**TASK PROMPT**
Apart from the images, the entire listing below must be restated word for word.

+ + + + +

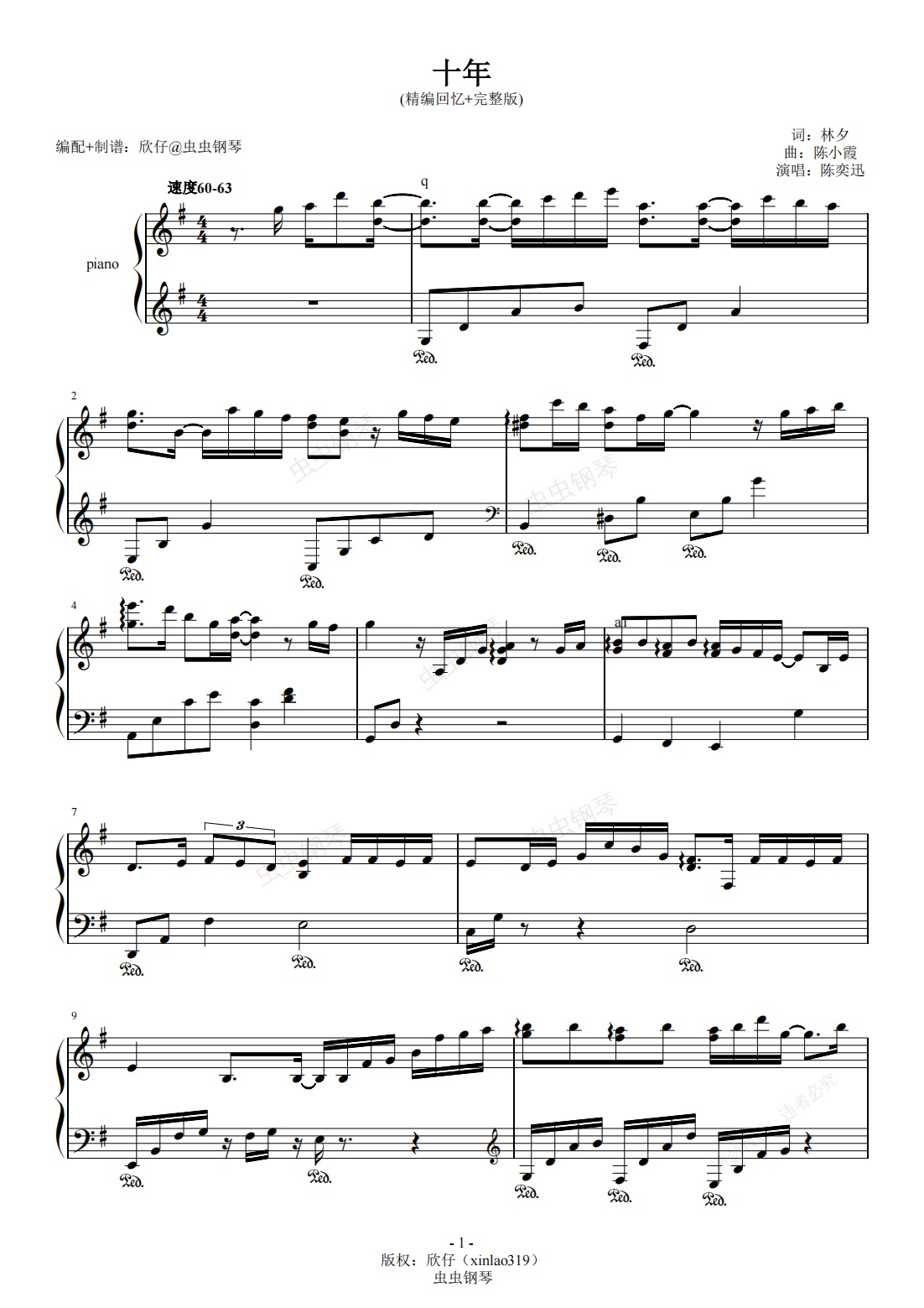 钢琴谱:陈奕迅-G《十年》(精编回忆+完整版)
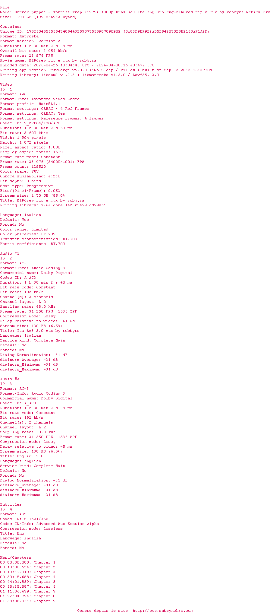 Horror.Puppet.-.Tourist.Trap.1979.1080p.H264.Ac3.Ita.Eng.Sub.Eng-MIRCrew
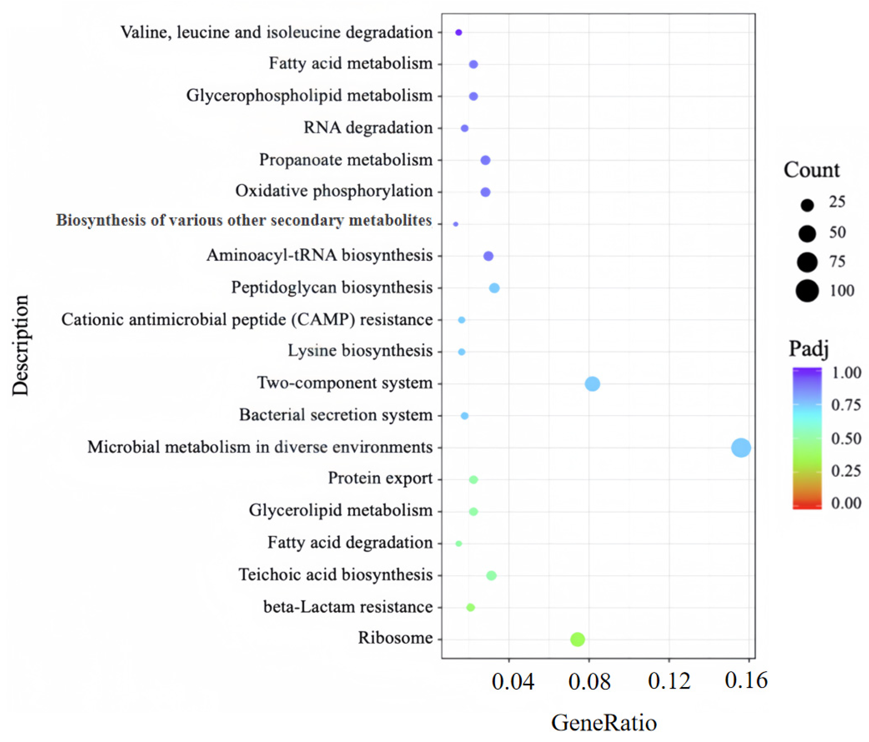 Figure 8. The enrichment results demonstrated that DEGs were significantly concentrated in several key pathways critical for MRSA survival, including: (1) ribosome, (2) teichoic acid biosynthesis, (3) fatty acid degradation, (4) valine, leucine and isoleucine degradation, (5) RNA degradation pathway.
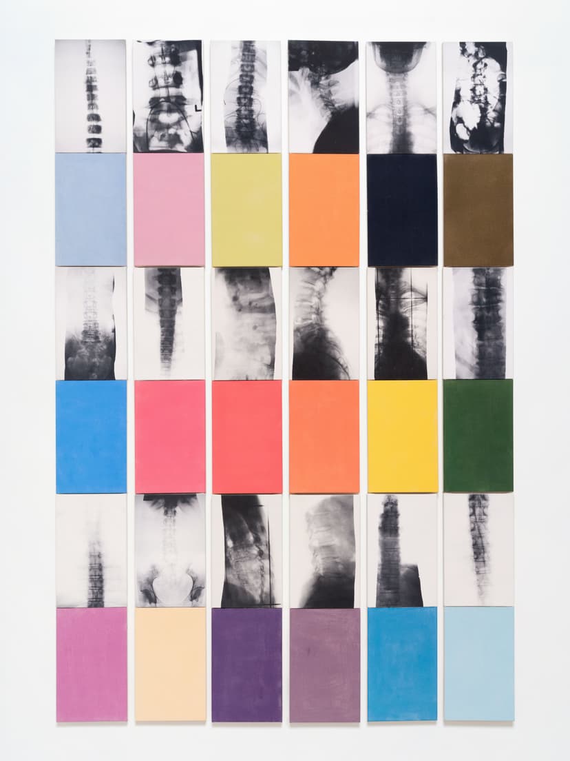 X-ray Island is an exhibition of work by Kunié Sugiura spanning six decades, bringing together photography, painting, photograms, and X-ray works. The presentation examines the relationship between surface and interior, emphasizing photography as a material and constructed object rather than a transparent image. Works range from early hand-printed color photographs to later photograms and X-rays, including Beach 2 and Vertebra, which contrast exterior landscapes with internal anatomical structures. Across the exhibition, Sugiura foregrounds process, materiality, and the physical trace of image-making.
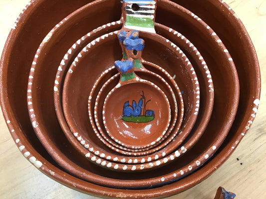Vintage Mexican Set of 7 Nested Handled Bowl Set

+ + + + +

**FINISHED EXERCISE**
 钢琴谱:陈奕迅-G《十年》(精编回忆+完整版)
 Horror.Puppet.-.Tourist.Trap.1979.1080p.H264.Ac3.Ita.Eng.Sub.Eng-MIRCrew
 Figure 8. The enrichment results demonstrated that DEGs were significantly concentrated in several key pathways critical for MRSA survival, including: (1) ribosome, (2) teichoic acid biosynthesis, (3) fatty acid degradation, (4) valine, leucine and isoleucine degradation, (5) RNA degradation pathway.
 X-ray Island is an exhibition of work by Kunié Sugiura spanning six decades, bringing together photography, painting, photograms, and X-ray works. The presentation examines the relationship between surface and interior, emphasizing photography as a material and constructed object rather than a transparent image. Works range from early hand-printed color photographs to later photograms and X-rays, including Beach 2 and Vertebra, which contrast exterior landscapes with internal anatomical structures. Across the exhibition, Sugiura foregrounds process, materiality, and the physical trace of image-making.
Vintage Mexican Set of 7 Nested Handled Bowl Set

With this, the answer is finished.